#### [YOUR ASSIGNMENT]
Pictures aside, return every line below exactly as written.

#### [SOURCE MATERIAL]
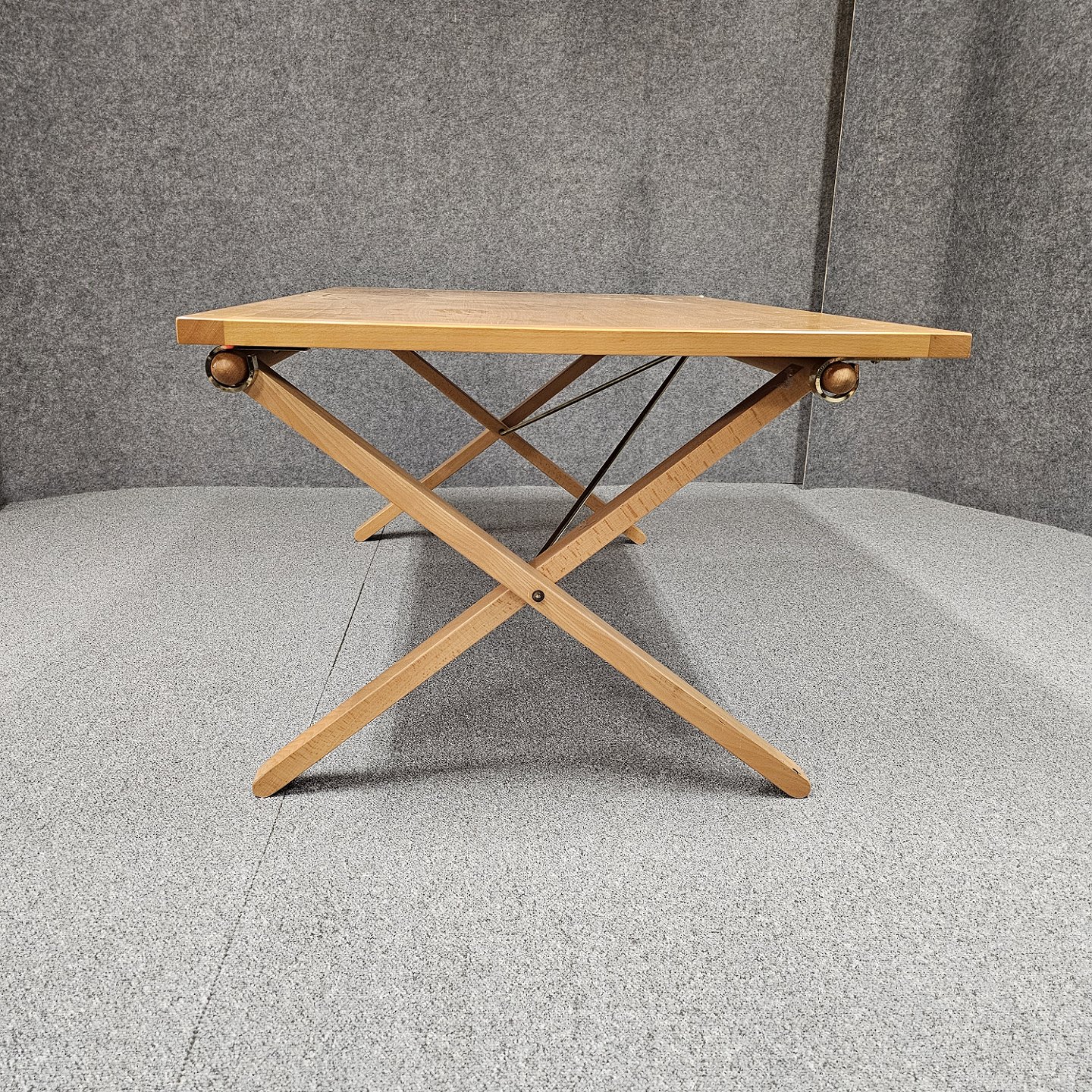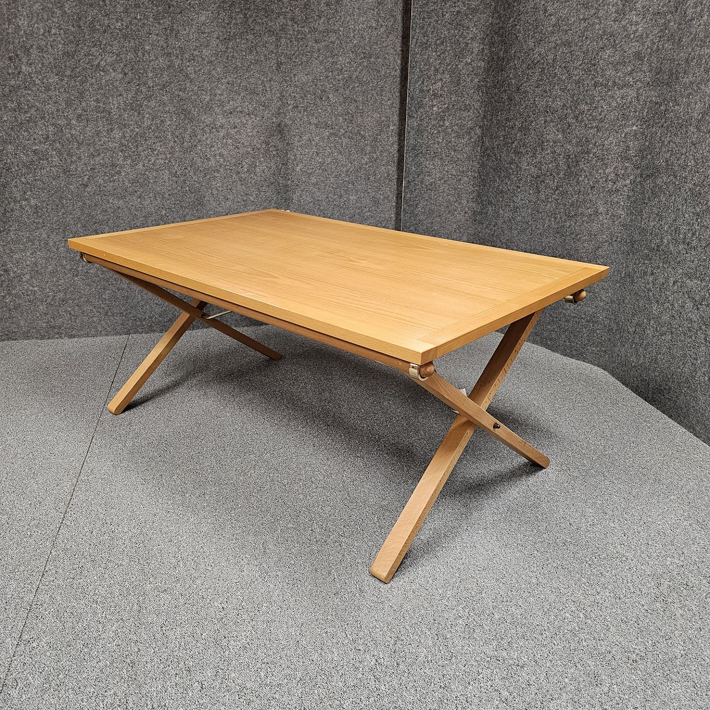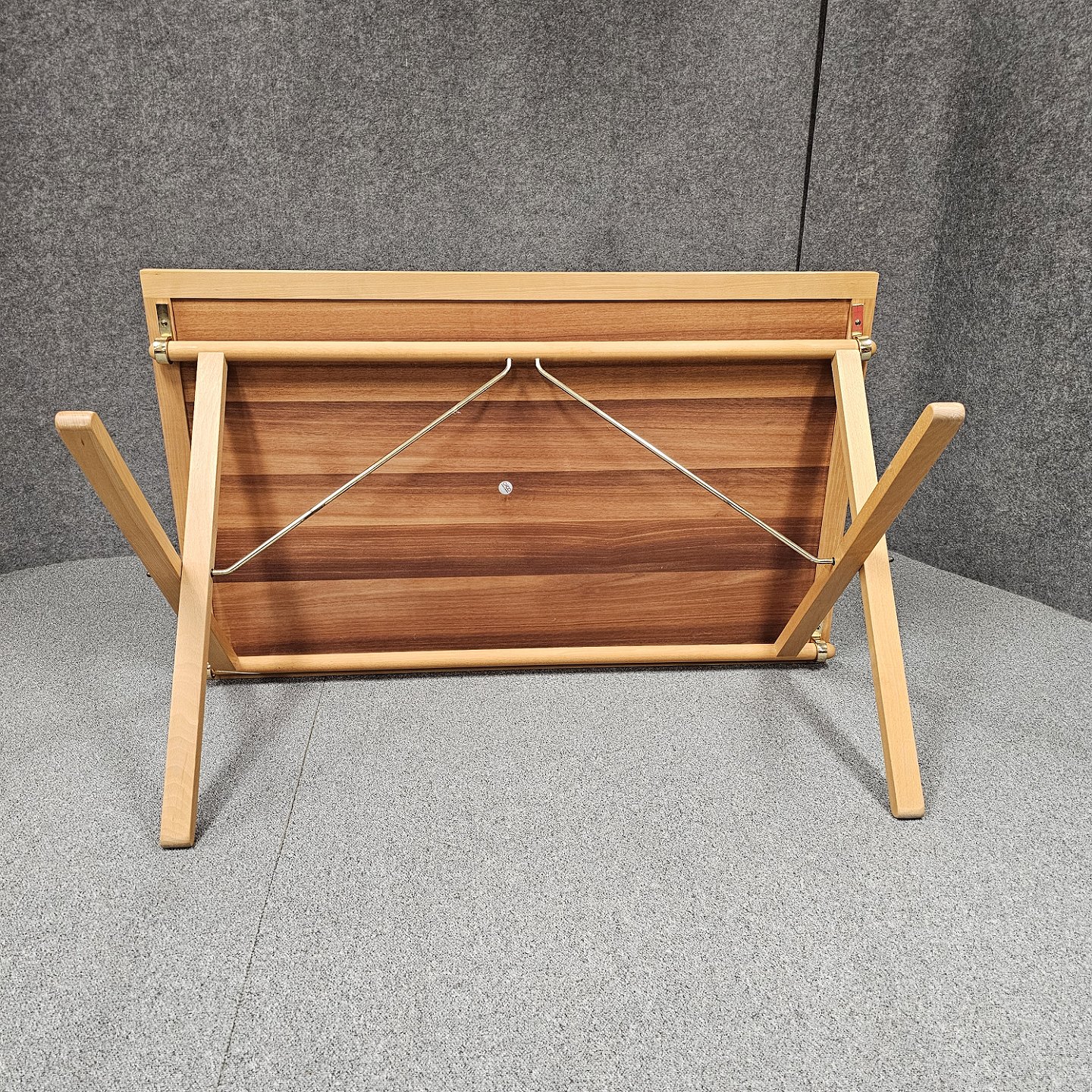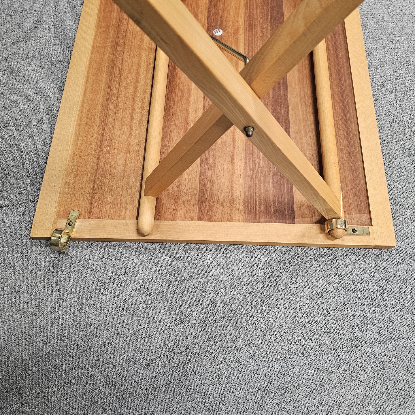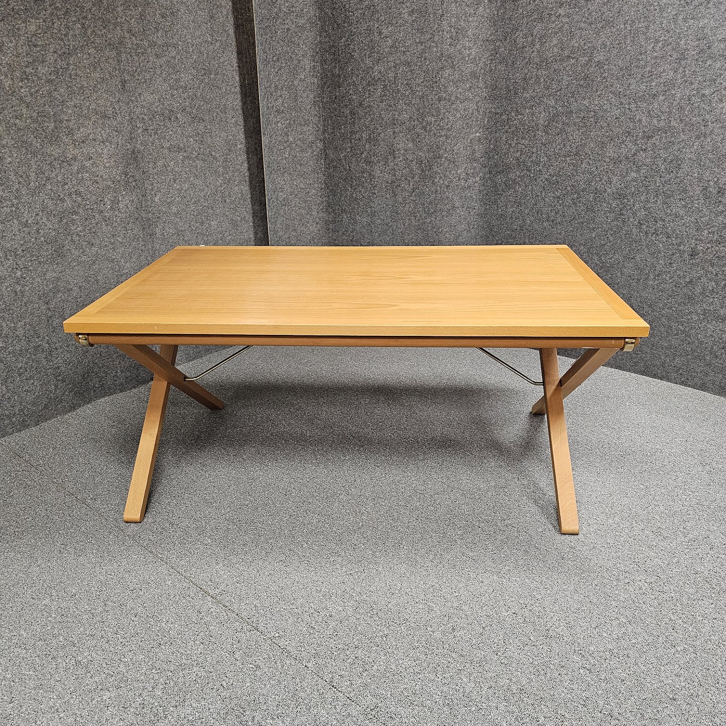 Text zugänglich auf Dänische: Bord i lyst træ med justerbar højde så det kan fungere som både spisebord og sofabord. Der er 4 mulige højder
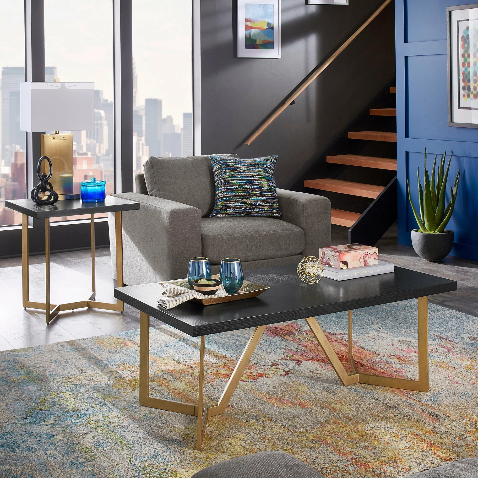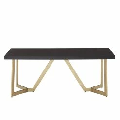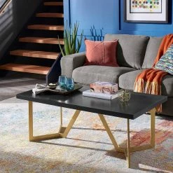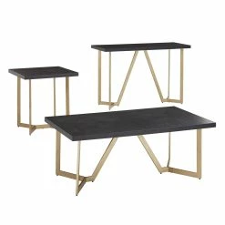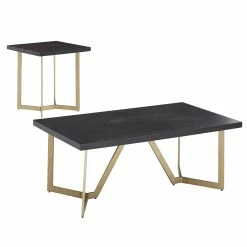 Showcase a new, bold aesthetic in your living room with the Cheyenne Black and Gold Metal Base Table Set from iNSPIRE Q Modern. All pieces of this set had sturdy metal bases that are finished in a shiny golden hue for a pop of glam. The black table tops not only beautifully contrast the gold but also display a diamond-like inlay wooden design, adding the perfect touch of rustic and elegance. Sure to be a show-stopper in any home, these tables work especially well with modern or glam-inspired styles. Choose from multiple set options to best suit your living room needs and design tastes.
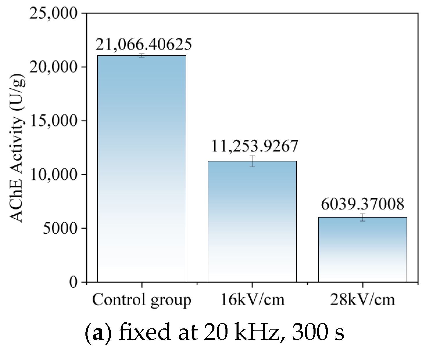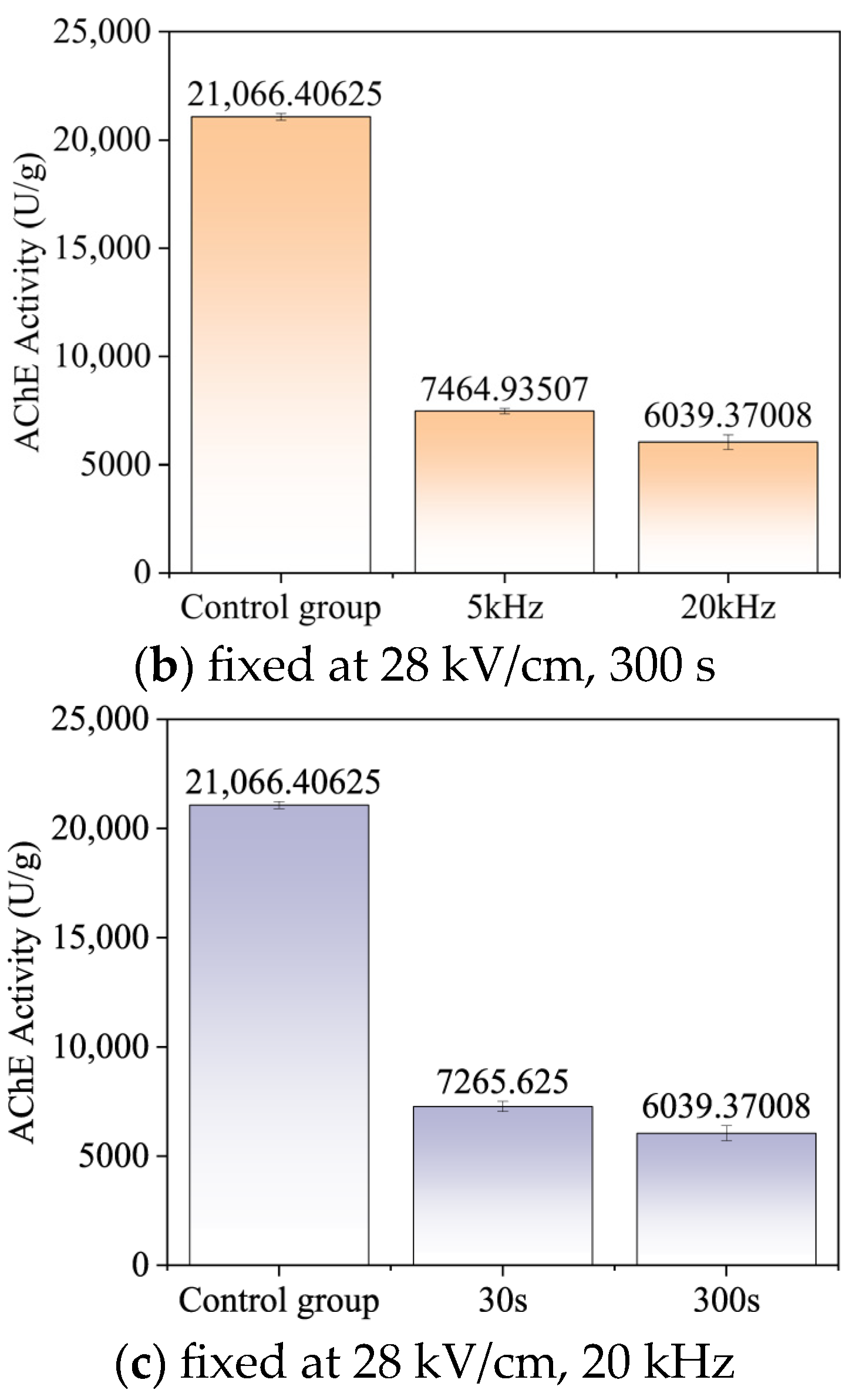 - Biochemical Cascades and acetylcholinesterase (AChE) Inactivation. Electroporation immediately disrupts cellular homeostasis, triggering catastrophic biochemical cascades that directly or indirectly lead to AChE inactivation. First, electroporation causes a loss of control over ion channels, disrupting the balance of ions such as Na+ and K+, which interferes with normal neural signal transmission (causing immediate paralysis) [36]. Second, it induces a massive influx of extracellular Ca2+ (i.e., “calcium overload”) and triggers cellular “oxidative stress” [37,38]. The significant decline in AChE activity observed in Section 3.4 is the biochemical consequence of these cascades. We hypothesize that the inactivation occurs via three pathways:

#### [RESPONSE]
 Text zugänglich auf Dänische: Bord i lyst træ med justerbar højde så det kan fungere som både spisebord og sofabord. Der er 4 mulige højder
 Showcase a new, bold aesthetic in your living room with the Cheyenne Black and Gold Metal Base Table Set from iNSPIRE Q Modern. All pieces of this set had sturdy metal bases that are finished in a shiny golden hue for a pop of glam. The black table tops not only beautifully contrast the gold but also display a diamond-like inlay wooden design, adding the perfect touch of rustic and elegance. Sure to be a show-stopper in any home, these tables work especially well with modern or glam-inspired styles. Choose from multiple set options to best suit your living room needs and design tastes.
 - Biochemical Cascades and acetylcholinesterase (AChE) Inactivation. Electroporation immediately disrupts cellular homeostasis, triggering catastrophic biochemical cascades that directly or indirectly lead to AChE inactivation. First, electroporation causes a loss of control over ion channels, disrupting the balance of ions such as Na+ and K+, which interferes with normal neural signal transmission (causing immediate paralysis) [36]. Second, it induces a massive influx of extracellular Ca2+ (i.e., “calcium overload”) and triggers cellular “oxidative stress” [37,38]. The significant decline in AChE activity observed in Section 3.4 is the biochemical consequence of these cascades. We hypothesize that the inactivation occurs via three pathways:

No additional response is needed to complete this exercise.